Malaysia Arrests Nuclear Network Suspect
Sri Lankan Accused of Helping Pakistani Sell Arms Components to Libya, Iran
By Alan Sipress and Ellen Nakashima
Washington Post Foreign Service
Saturday, May 29, 2004; Page A21
JAKARTA, Indonesia, May 28 -- A Sri Lankan businessman who helped Pakistani scientist Abdul Qadeer Khan build a secret international network for supplying nuclear material and equipment was arrested by Malaysian police on Friday for threatening national security, officials said.
Police detained Buhary Syed Abu Tahir three months after they released a report, based largely on his interrogation, detailing how Khan provided Libya with enriched uranium and equipment that could be used in developing weapons and how he provided Iran with components for its nuclear program.
Though Malaysian police said in February that Tahir had committed no crime, they are holding him under the country's internal security act, which allows suspects to be detained without charges or trial, Malaysian officials said.

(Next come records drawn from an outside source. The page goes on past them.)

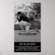 Esta es una foto fresca en blanco y negro de un adolescente haciendo una pose para la oración en longboard y una cita sobre tener perseverancia para superar cualquier obstáculo en tu camino.
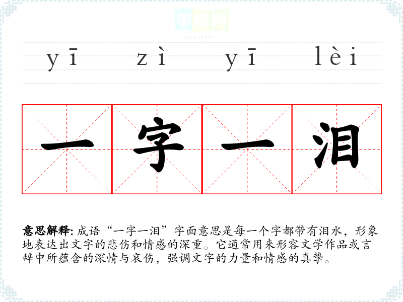 成语“一字一泪”字面意思是每一个字都带有泪水,形象地表达出文字的悲伤和情感的深重。它通常用来形容文学作品或言辞中所蕴含的深情与哀伤,强调文字的力量和情感的真挚。
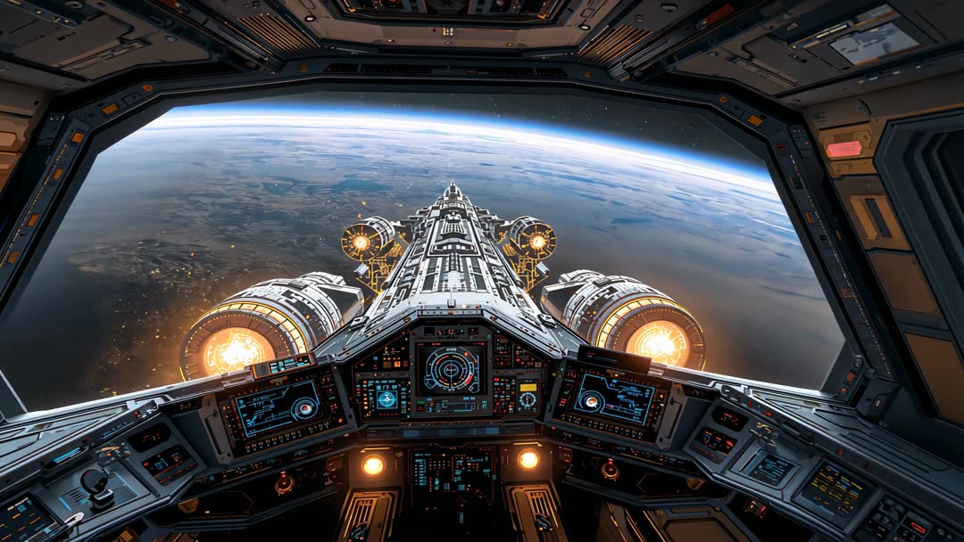 AI Generated Image. Panoramic cockpit view guiding starship toward massive orbital carrier above curved planet horizon. Instrument panels displaying navigation data, radar overlays, engine throttle readouts, and mission HUD elements. Engine bells glowing with warm thrust light, exterior docking bay and rendezvous target dominating forward view. Camera panning from console to forward window, showcasing dynamic control screens and structural details of starship spine. Suiting sci-fi film trailers, space exploration documentaries, technology presentations, and website hero banners. Pairing with electronic soundtrack for cinematic countdown sequences or with educational narration for orbital operations and spacecraft systems explainers. Providing layered footage for UI mockups, title cards, commercial advertising, game trailers, and VR experience backgrounds.
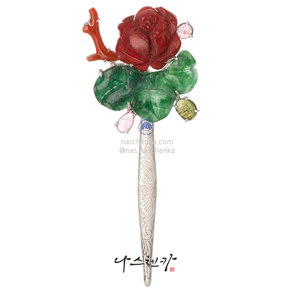 10936432 - 전통 한복 장신구 [나스첸카 NASCHENKA] 추구미 _ 비취 은 뒤꽂이
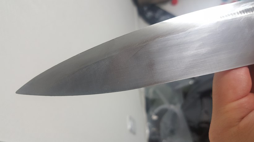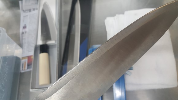 칼 가는 방법을 간단히 설명 하자면, 칼 코끝 부터 반대쪽 몸통날까지, 한번에 갈아주는게 포인트 입니다만....
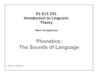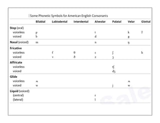 This document provides an overview of phonetics, the study of speech sounds. It discusses how sounds are segmented in speech and the goals of the different subfields of phonetics. Key points covered include the classification of consonant sounds based on their place and manner of articulation, as well as an introduction to the International Phonetic Alphabet used to represent sounds. The articulatory processes used to produce different consonant types such as stops, fricatives, and approximants are also summarized.
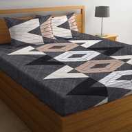 YaAkholic Reversible Cotton Double Bed Cover (Multicolor, 1 New Trend Fitted Cotton Double Bedsheet 2 Pillow Covers)
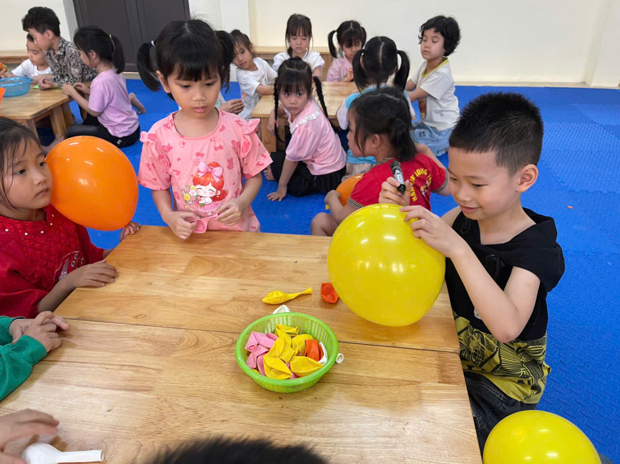 Hôm nay, các bạn nhỏ lớp G5 – Trường Mầm non Lam Hạ đã có một hoạt động khám phá khoa học vô cùng thú vị với chủ đề “Sự kỳ diệu của không khí”.Trong không gian sân trường thoáng đãng, các bé cùng cô giáo tham gia thí nghiệm với những quả bóng bay đầy màu sắc. Các bạn nhỏ đã cùng nhau quan sát, suy nghĩ và thử nghiệm để tìm hiểu xem không khí có thể làm gì và tại sao bóng bay lại có thể phồng lên.Khi những quả bóng được bơm căng, các bé vô cùng thích thú khi phát hiện ra rằng:
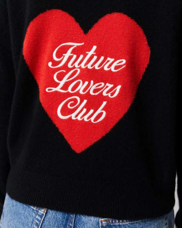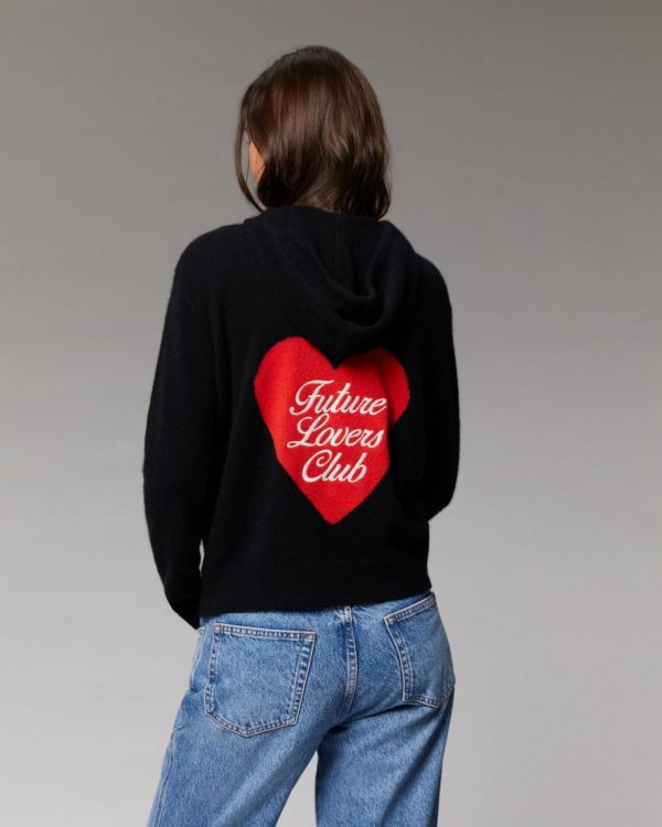 Rejoignez le Club avec ce pull hoodie court confectionné en cachemire 2 fils. Muni d’une capuche et de manches longues, il arbore fièrement un cœur orné d’une broderie « Future Lovers Club » au dos. Une véritable déclaration de style qui insuffle douceur et légèreté à votre silhouette cosmique. Élégant et casual, complétez votre look avec un jean large ou une jupe fluide.
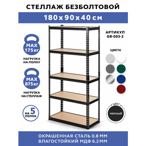 Стеллаж металлический безболтовой GASTRORAG GR-003-2, 5 полок МДФ, размеры 180х90х40 см, этажерка для кухни, мебель лофт, система хранения для дома, дачи и гаража: сравнение цен, характеристики, фото, актуальное наличие и цены.
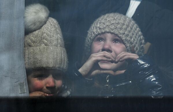 Bēgļi no Mariupoles sēžas autobusā, kurā dosies uz pagaidu izmitināšanas punktu Nikoļskoje ciemā
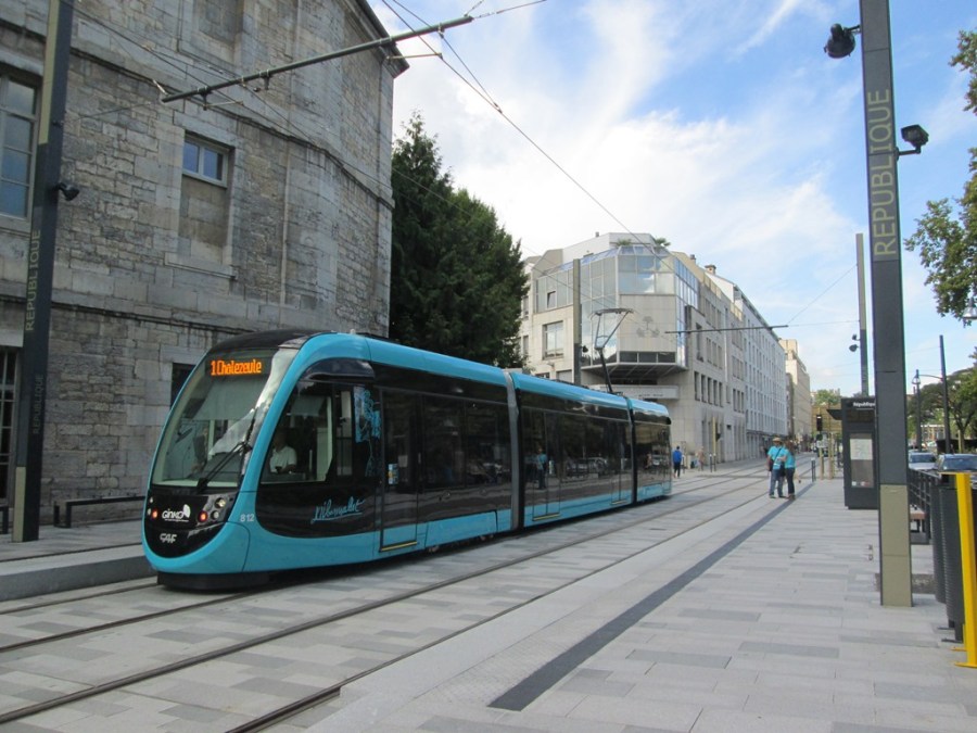 A Besançon, la rame 812 Urbos 3 CAF, en direction du terminus « Chalezeule » du T1, marque l’arrêt à la station « République », le samedi 30 août 2014. Copyright : Alain Masson
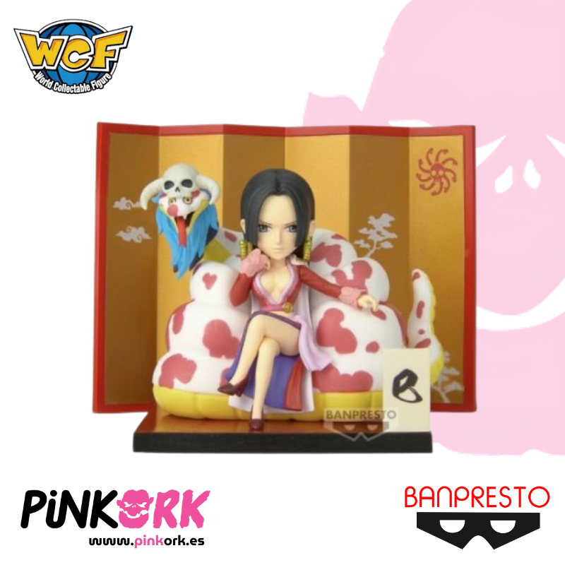 Este set especial de Boa Hancock y Salome forma parte de la línea WCF Special de Banpresto. Con una altura aproximada de 6 cm, la figura presenta a la emperatriz pirata con su elegante vestido rojo, acompañada de su inseparable serpiente Salome. Una combinación perfecta de belleza y poder en formato compacto. Disponible en stock con envío inmediato en www.pinkork.es.
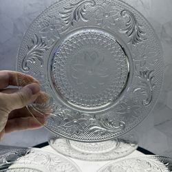 Set of (4) Vintage Indiana Glass "Sandwich" pattern luncheon or salad plates made by the Indiana Glass Company and often distributed by Tiara Glass Co$30Austin, TX
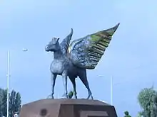 In London, he has exhibited in venues including Trafalgar Square, the foyer of Sadler's Wells Theatre, and West End cinemas. His lifesize horse sculptures, Pegasus 1 and 11 were displayed at Heathrow Airport, and his 'Icarus' sculpture hangs in Guy's Hospital. The P & O Superliner Arcadia commissioned him to sculpt his Cosmic Eggs (8 ft. tall), and his Mermaid Chandelier was exhibited at the American Visionary Art Museum in Baltimore, USA.

Police had opened the investigation after U.S. and British intelligence agents informed local authorities late last year that Malaysian-manufactured parts for building centrifuges used in making weapons-grade uranium had been found aboard a German-owned ship bound for Libya. The discovery proved to be a major breakthrough in efforts to unravel Khan's network.
Tahir remains a central figure in the investigation along with two other alleged Khan associates -- Swiss engineer Friedrich Tinner and British businessman Peter Griffin. All three have been scrutinized for possible arms proliferation activity at various times over more than two decades.

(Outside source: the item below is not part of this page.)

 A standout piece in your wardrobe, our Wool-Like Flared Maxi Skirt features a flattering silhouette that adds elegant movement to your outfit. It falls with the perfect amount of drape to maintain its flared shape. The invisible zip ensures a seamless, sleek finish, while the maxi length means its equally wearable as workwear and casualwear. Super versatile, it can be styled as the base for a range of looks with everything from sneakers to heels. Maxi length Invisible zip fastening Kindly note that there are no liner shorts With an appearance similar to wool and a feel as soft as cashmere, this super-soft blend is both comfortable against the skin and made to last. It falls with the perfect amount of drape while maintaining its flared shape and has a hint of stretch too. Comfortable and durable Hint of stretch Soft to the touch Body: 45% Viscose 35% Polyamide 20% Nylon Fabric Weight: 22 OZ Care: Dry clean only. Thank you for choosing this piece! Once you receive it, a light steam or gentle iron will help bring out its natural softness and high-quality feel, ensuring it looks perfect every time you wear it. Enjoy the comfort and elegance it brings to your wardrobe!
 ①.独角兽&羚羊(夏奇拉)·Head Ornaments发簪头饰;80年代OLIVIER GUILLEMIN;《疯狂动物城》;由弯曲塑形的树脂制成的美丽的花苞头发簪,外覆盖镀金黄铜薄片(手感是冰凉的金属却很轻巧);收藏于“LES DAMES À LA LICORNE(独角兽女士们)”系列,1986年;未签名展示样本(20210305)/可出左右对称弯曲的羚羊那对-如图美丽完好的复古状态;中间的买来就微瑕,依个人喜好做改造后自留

In 1980, following complaints from the United States, Swiss authorities examined a company where Tinner was export director for possible violations of export laws in the sale of industrial valves to Pakistan's nuclear program. Neither he nor the company, which he left, was charged with any crime. Swiss officials said this year that they had opened an inquiry into a Tinner family company concerning alleged dealings with Khan, in light of information provided by Malaysian police.
Griffin, who allegedly collaborated with Tahir in drawing up plans for a machine shop to manufacture centrifuge components in Libya, was the subject of a British investigation in the 1970s into alleged business ties with Khan, then one of the leaders of Pakistan's nuclear research program.
Investigators now believe Khan built his nuclear trading scheme around essentially the same network of foreign middlemen and manufacturers that he began assembling three decades ago to circumvent restrictions on sensitive technology that Pakistan needed to build a nuclear bomb.
Tahir's association with Khan dates to 1985, when Tahir took over the management of a Dubai-based family business, SMB Group, and secured a contract to sell air conditioners to Khan's research lab, according to a Malaysian police report. The report said he subsequently moved to Malaysia, where he married a diplomat's daughter and invested in several successful businesses, forging partnerships with, among others, the son of the current prime minister, Abdullah Ahmad Badawi.
Tahir became involved in Khan's proliferation network in the mid-1990s. He helped Khan organize the shipment of centrifuge components from Pakistan through Dubai to Iran, for which Khan was given two briefcases filled with $3 million in cash, according to the account Tahir gave investigators.
A senior Malaysian government official said Tahir was seeking to build a cover for nuclear-related activities in the country by developing relationships with credible business people so he would be seen as having clout and money.
By 2001, however, that cover was beginning to fray when a trial in London's Southwark Crown Court cast light on Tahir's role in procuring restricted equipment for Khan's laboratory.
The accused in the trial was not Tahir but Abu Bakr Siddiqui, his friend and partner in a thriving London-based import-export business that dealt mostly in microelectronic parts, according to Siddiqui's attorney, Andrew Trollope. The prosecution established that Siddiqui was also personally acquainted with Khan, a family friend whom he reverently addressed as Doctor Sahib.
In 1999, Khan asked Tahir and Siddiqui to arrange several shipments of equipment from Britain, according to information made public at the trial. The shipments included a 12-ton heat treatment furnace, a high-specification measuring machine, an overhead crane and high-strength aluminum bars. The customers were listed on shipping papers as Peoples Steel Mill in Karachi and UETC in Islamabad, and Tahir provided a false end-user certificate, according to Trollope.